Мне был по душе такой расклад, да и у Птицы глаза стали ясными – исчез тот обезумевший взгляд, что был у него в Калифорнии. Он похудел и, похоже, был счастлив с Дорис. Она поехала в Калифорнию забрать его из больницы Камарильо, а потом они вернулись на восток на поезде. Да уж, Дорис любила своего Чарли Паркера. На все бы для него пошла. Птица казался успокоенным и готовым к работе. Наша премьера прошла в апреле 1947 года, вместе с трио Ленни Тристано.

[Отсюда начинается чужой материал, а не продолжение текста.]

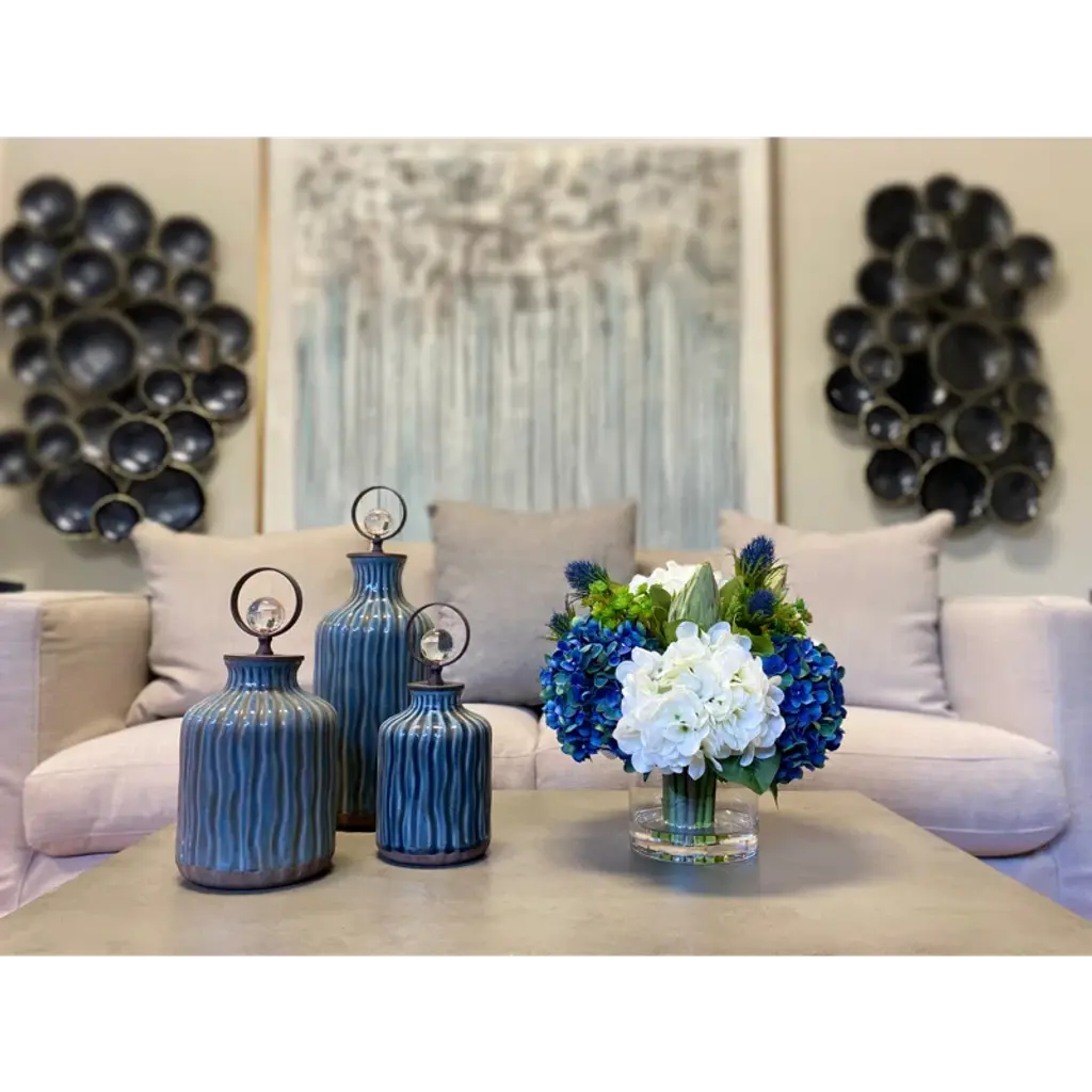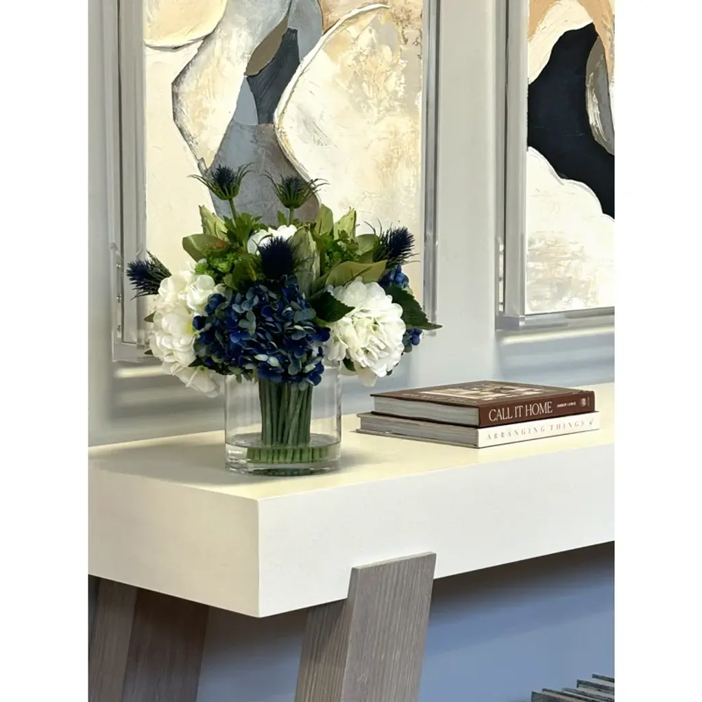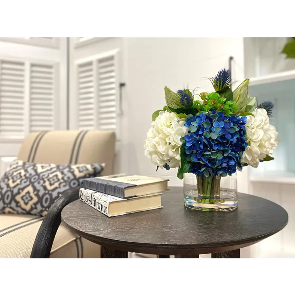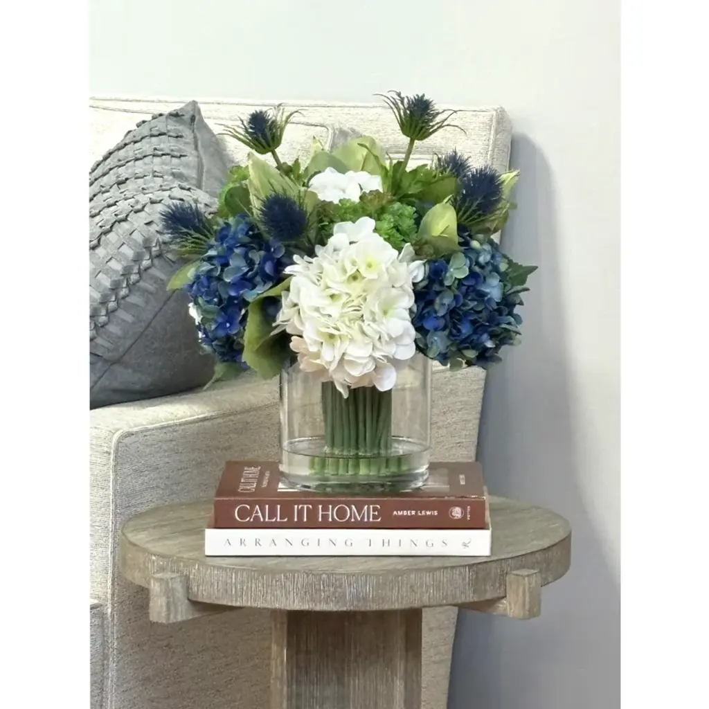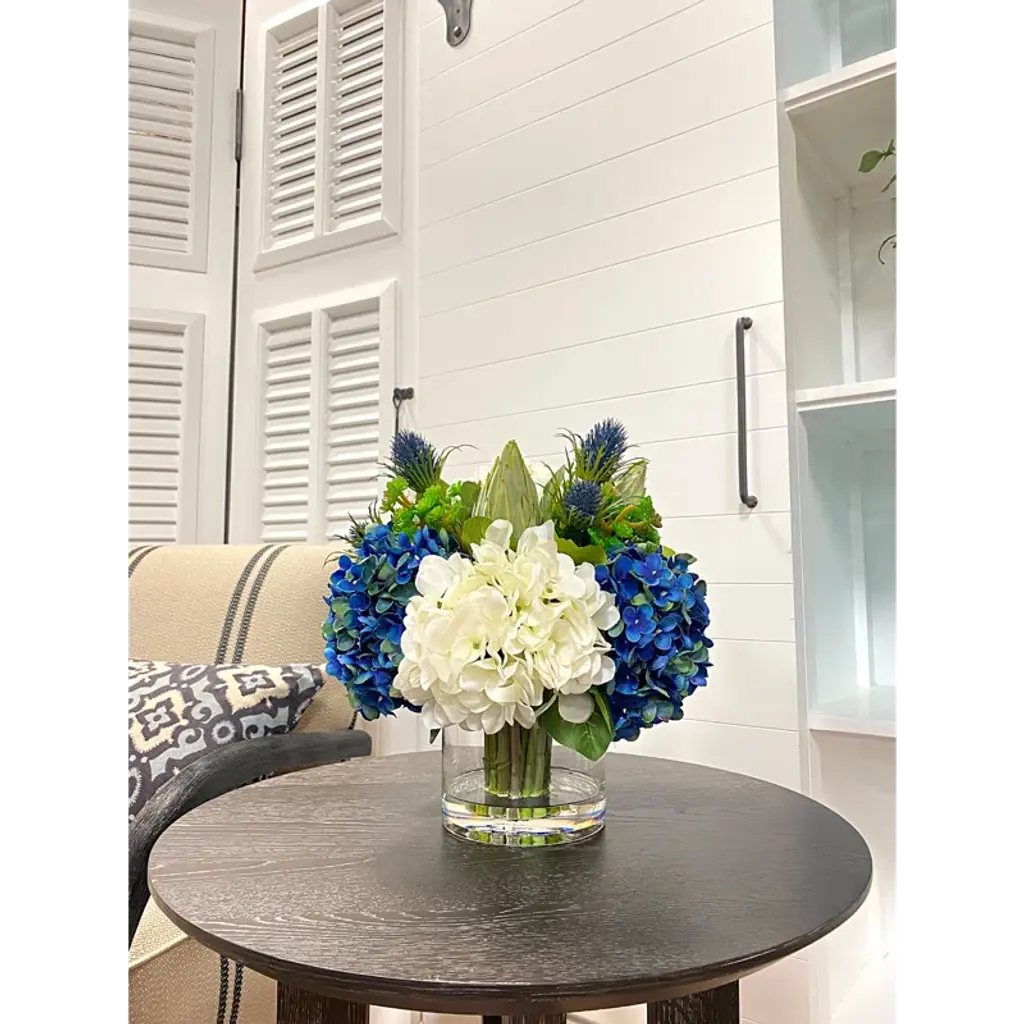 This hydrangea floral arrangement in vase will make a lovely addition to your home or office. This hydrangea floral arrangement in the vase will complement any décor or occasion.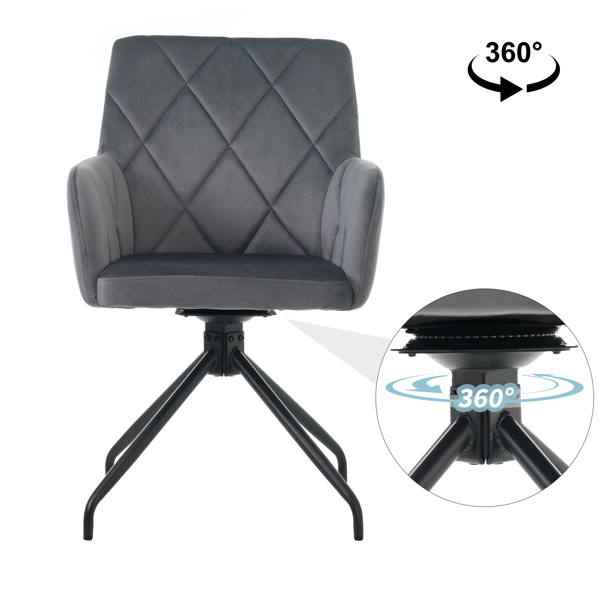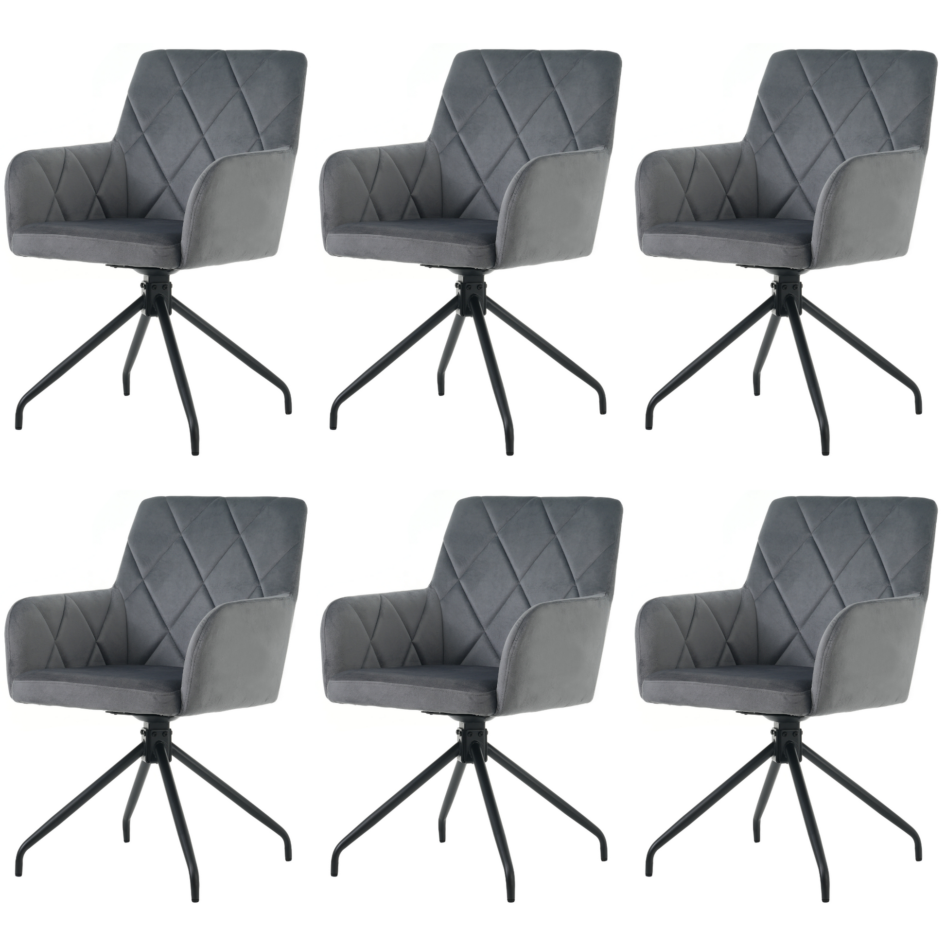 360° Swivel Dining Chairs, Set of 6 with Diamond Pattern and Lumbar Support, Anthracite Velvet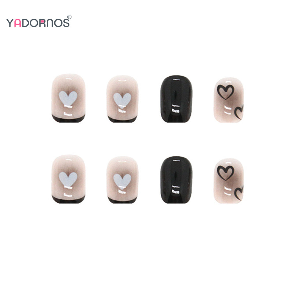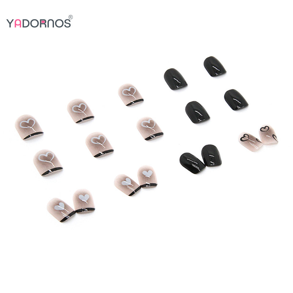 Popxstar 24pcs Y2K Fake Nails with Lovely Black Heart Designs Reusable French False Nails Full Cover Short Press On Nails for y2k Girls

Я был страшно рад снова играть с Птицей, ведь работа с ним раскрывала тогда все лучшее во мне самом. Он играл в самых разных стилях, никогда не повторял своих музыкальных идей. Его способность к творчеству была бесконечна. Ритм-секцию он каждый вечер гонял. Например, играем мы блюз. Птица вступает на одиннадцатом такте. Но ведь ритм-секция знай долбит свое, а он начинает играть так, будто она на 1-й и 3-й доле, а не на 2-й и 4-й. Никто не мог угнаться за ним, кроме, быть может, Диззи. Каждый раз, когда он начинал так делать, Макс орал Дюку, чтобы тот не ускорял темп. Он хотел, чтобы Дюк оставался там, где был, потому что все равно ему не догнать Птицу, только весь ритм поломает. Дюк часто все портил, когда не слушал Макса. Понимаешь, когда Птица начинал исполнять свои невероятные соло, все, что оставалось ритм-секции, – это топтаться на месте, то есть играть самым обычным образом. В конце концов Птица возвращался к основному ритму, и всегда вовремя. Как будто у него все это было заранее спланировано. Загвоздка была в том, что он никому не мог этого объяснить. Ты должен был сам как-то выкручиваться. Птица мог любую музыкальную свинью подложить. Так что я с ним закрепил то, что уже знал, и еще пытался расширить свой опыт – играл чуть-чуть сверх того, что знал. С Птицей нужно было быть ко всему готовым.

Примерно за неделю до премьеры Птица устроил репетицию в студии «Нола». Многие музыканты тогда там репетировали. Когда он объявил о репетиции, никто ему не поверил. Никогда раньше он этого не делал. В первый день собрались все, кроме него самого. Мы подождали его пару часов, и кончилось тем, что репетицию провел я.

Ну вот, настал день премьеры, в «Трех двойках» полный аншлаг. Птицу мы всю неделю вообще не видели, но репетировали на отрыв. И что же – входит этот проклятый нигер с ухмылкой на роже и спрашивает, все ли готовы играть, – да еще с дурацким британским акцентом. Когда настало наше время выступать, он спрашивает: «Так что же мы сыграем?» Я ему говорю. Он кивает, отбивает такт и играет каждую нашу долбаную тему точно в том ключе, как мы ее репетировали.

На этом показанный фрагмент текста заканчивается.